4) FastAPI endpoint with reranking

from fastapi import FastAPI
from pydantic import BaseModel

app = FastAPI()

class AskReq(BaseModel):
    question: str

@app.post("/ask")
def ask(req: AskReq):
    q_emb = embed(req.question)
    candidates = hybrid_search(q_emb, req.question, limit=20)

    reranked = rerank(req.question, candidates)[:6]  # cross-encoder or hosted reranker

    context = "\n\n".join([f"[{i+1}] {c['chunk_text']}" for i, c in enumerate(reranked)])
    prompt = f"""Answer using only the context below.
If unsure, say you don't know.
Add citation numbers like [1], [2].

Question: {req.question}

Context:
{context}
"""

    answer = generate(prompt)
    return {
        "answer": answer,
        "citations": [{"n": i+1, "source": c["source"], "title": c["title"]} for i, c in enumerate(reranked)]
    }

5) Practical production guardrails

A) Metadata filtering

Always filter by tenant, product, locale, or permission scope before retrieval. This prevents data leakage across customers or teams.

B) Freshness strategy

Add updated_at and a lightweight re-index queue.

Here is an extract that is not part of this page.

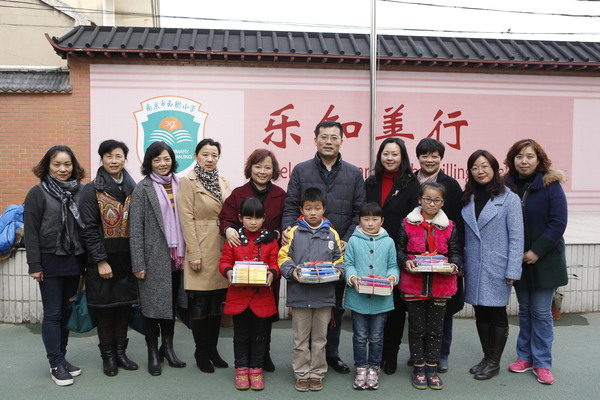 2月26日,民盟南京市委驻会副主委戴云、盟市委妇委会主任申卫及部分妇委会委员到西街小学看望被资助的学生,给他们送去了文具、书刊和2016全年午餐费。
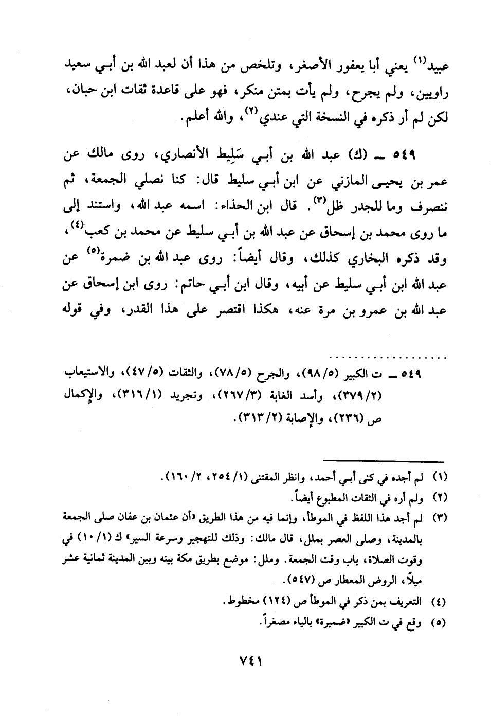 549 - ك عبد الله بن أبي سليط الْأنْصَارِيّ روى مَالك عَن عمر بن يحيى الْمَازِني عَن بن أبي سليط قَالَ كُنَّا نصلي الْجُمُعَة ثمَّ ننصرف وَمَا للجدر ظلّ قَالَ بن الْحذاء اسْمه عبد الله واستند إِلَى مَا روى مُحَمَّد بن إِسْحَاق عَن عبد الله بن أبي سليط عَن مُحَمَّد بن كَعْب وَقد ذكره البُخَارِيّ كَذَلِك وَقَالَ أَيْضا روى عبد الله بن ضَمرَة عَن عبد الله بن أبي سليط عَن أَبِيه وَقَالَ بن أبي حَاتِم روى بن إِسْحَاق عَن عبد الله بن عَمْرو بن مرّة عَنهُ هَكَذَا اقْتصر على هَذَا الْقدر وَفِي قَوْله

Most teams do not need full re-indexes every hour.

C) Observability

Track retrieval hit rate.
Track citation acceptance rate (did users click cited sources).
Track no-answer rate and hallucination feedback.

D) Caching

Cache embeddings for repeated questions and cache final answers with short TTL for high-traffic endpoints.

E) Safety policy

Use a response policy layer for sensitive actions: code execution instructions, secrets, legal/medical guidance, and internal-only docs.

6) Evaluation loop you can run weekly

Create a benchmark set of 100 real user questions with expected sources. Then score:

Recall@k for retrieval
MRR / nDCG for ranking quality
Answer groundedness (citation-backed claims)
User-rated helpfulness

Small, regular eval cycles usually outperform one-time architecture rewrites.

Common mistakes to avoid

Using very large chunks that blur topics.
Skipping keyword search entirely.
No reranking step for top candidates.
Returning answers without citations.
Ignoring permissions in retrieval filters.

Final thoughts

For most developer teams in 2026, a Postgres-based RAG stack is the fastest path to useful AI features in production. Start with clean ingestion, hybrid retrieval, and reranking. Add observability from day one, and improve through weekly evaluation instead of guesswork. You will ship faster, reduce hallucinations, and keep infrastructure understandable for your team.